Musicians, Cats, Dogs and Other Criminals
... Sir Paul McCartney has vowed never to perform in China after seeing horrific undercover footage of dogs and cats being killed for their fur.
The former Beatle also said he would boycott the 2008 Beijing Olympics after viewing the footage taken in a fur market in Guangzhou, southern China.
The film shows animals being thrown from a bus, and into boiling water.
In the film, dogs and cats packed by the dozen into wire cages little bigger than lobster pots are pictured being thrown from the top deck of a converted bus onto concrete pavements.
The screaming animals, many with their paws now smashed from the fall, are then lifted out with long metal tongs and thrown over a seven foot fence.
Some are senselessly beaten by laughing and smiling workers. All are then killed and skinned for their fur - many are believed still to be alive as their skins are peeled away.
"This is barbaric. Horrific," said Sir Paul.
"It's like something out of the dark ages. And they seem to get a kick out it. They're just sick, sick people.
"I wouldn't even dream of going over there to play, in the same way I wouldn't go to a country that supported apartheid. This is just disgusting. It's just against every rule of humanity. I couldn't go there."
The beauty products from the skin of executed Chinese prisoners (abridged)
Ian Cobain and Adam Luck
The Guardian (Tuesday September 13, 2005)
A Chinese cosmetics company is using skin harvested from the corpses of executed convicts to develop beauty products for sale in Europe, an investigation by the Guardian has discovered.

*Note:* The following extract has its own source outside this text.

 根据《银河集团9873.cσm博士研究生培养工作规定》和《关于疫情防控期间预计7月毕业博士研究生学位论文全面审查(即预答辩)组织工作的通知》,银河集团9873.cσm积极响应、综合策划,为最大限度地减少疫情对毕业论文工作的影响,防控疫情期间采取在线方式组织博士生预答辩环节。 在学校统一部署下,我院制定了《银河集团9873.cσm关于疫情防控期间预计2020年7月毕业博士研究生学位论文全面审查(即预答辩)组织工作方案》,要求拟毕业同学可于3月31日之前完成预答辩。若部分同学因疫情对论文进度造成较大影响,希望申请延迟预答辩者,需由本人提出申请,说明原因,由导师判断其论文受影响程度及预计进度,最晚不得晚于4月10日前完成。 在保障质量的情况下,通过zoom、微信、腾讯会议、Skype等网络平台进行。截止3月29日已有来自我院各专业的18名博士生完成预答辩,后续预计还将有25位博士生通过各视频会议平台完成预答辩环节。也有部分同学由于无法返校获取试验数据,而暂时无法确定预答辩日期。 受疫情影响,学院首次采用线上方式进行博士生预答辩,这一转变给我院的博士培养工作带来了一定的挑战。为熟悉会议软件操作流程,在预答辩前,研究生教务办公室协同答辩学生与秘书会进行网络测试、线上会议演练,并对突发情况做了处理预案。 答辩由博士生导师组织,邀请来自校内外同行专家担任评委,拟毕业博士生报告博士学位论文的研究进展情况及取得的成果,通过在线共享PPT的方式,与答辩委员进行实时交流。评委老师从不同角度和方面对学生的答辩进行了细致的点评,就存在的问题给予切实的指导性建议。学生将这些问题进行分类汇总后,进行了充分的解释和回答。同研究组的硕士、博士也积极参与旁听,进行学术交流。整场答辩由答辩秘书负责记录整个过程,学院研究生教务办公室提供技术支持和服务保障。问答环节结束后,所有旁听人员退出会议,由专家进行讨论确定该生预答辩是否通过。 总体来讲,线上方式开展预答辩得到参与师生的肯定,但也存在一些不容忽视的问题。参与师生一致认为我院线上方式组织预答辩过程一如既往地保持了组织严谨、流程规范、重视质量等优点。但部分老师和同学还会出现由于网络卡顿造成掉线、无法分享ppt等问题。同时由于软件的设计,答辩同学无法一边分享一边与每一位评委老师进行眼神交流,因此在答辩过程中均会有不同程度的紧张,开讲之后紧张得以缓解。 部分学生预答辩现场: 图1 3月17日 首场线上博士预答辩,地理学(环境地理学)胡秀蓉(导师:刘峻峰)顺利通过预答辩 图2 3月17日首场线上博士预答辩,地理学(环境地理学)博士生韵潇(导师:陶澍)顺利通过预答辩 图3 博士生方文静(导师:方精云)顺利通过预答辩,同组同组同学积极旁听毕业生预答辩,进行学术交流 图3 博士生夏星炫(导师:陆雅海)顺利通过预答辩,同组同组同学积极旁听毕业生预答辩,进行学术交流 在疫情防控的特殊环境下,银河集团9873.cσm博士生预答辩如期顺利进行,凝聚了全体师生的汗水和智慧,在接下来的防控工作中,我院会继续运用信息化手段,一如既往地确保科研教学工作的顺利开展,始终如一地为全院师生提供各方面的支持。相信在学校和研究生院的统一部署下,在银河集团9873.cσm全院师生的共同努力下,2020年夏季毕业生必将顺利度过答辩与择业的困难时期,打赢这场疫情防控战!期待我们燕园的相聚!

Agents for the firm have told would-be customers it is developing collagen for lip and wrinkle treatments from skin taken from prisoners after they have been shot. The agents say some of the company's products have been exported to the UK, and that the use of skin from condemned convicts is "traditional" and nothing to "make such a big fuss about".
With European regulations to control cosmetic treatments such as collagen not expected for several years, doctors and politicians say the discovery highlights the dangers faced by the increasing number of Britons seeking to improve their looks. Apart from the ethical concerns, there is also the potential risk of infection.
[The agent] suggested that the use of skin and other tissues harvested from executed prisoners was not uncommon. "In China it is considered very normal and I was very shocked that western countries can make such a big fuss about this," he said. Speaking from his office in northern China, he added: "The government has put some pressure on all the medical facilities to keep this type of work in low profile."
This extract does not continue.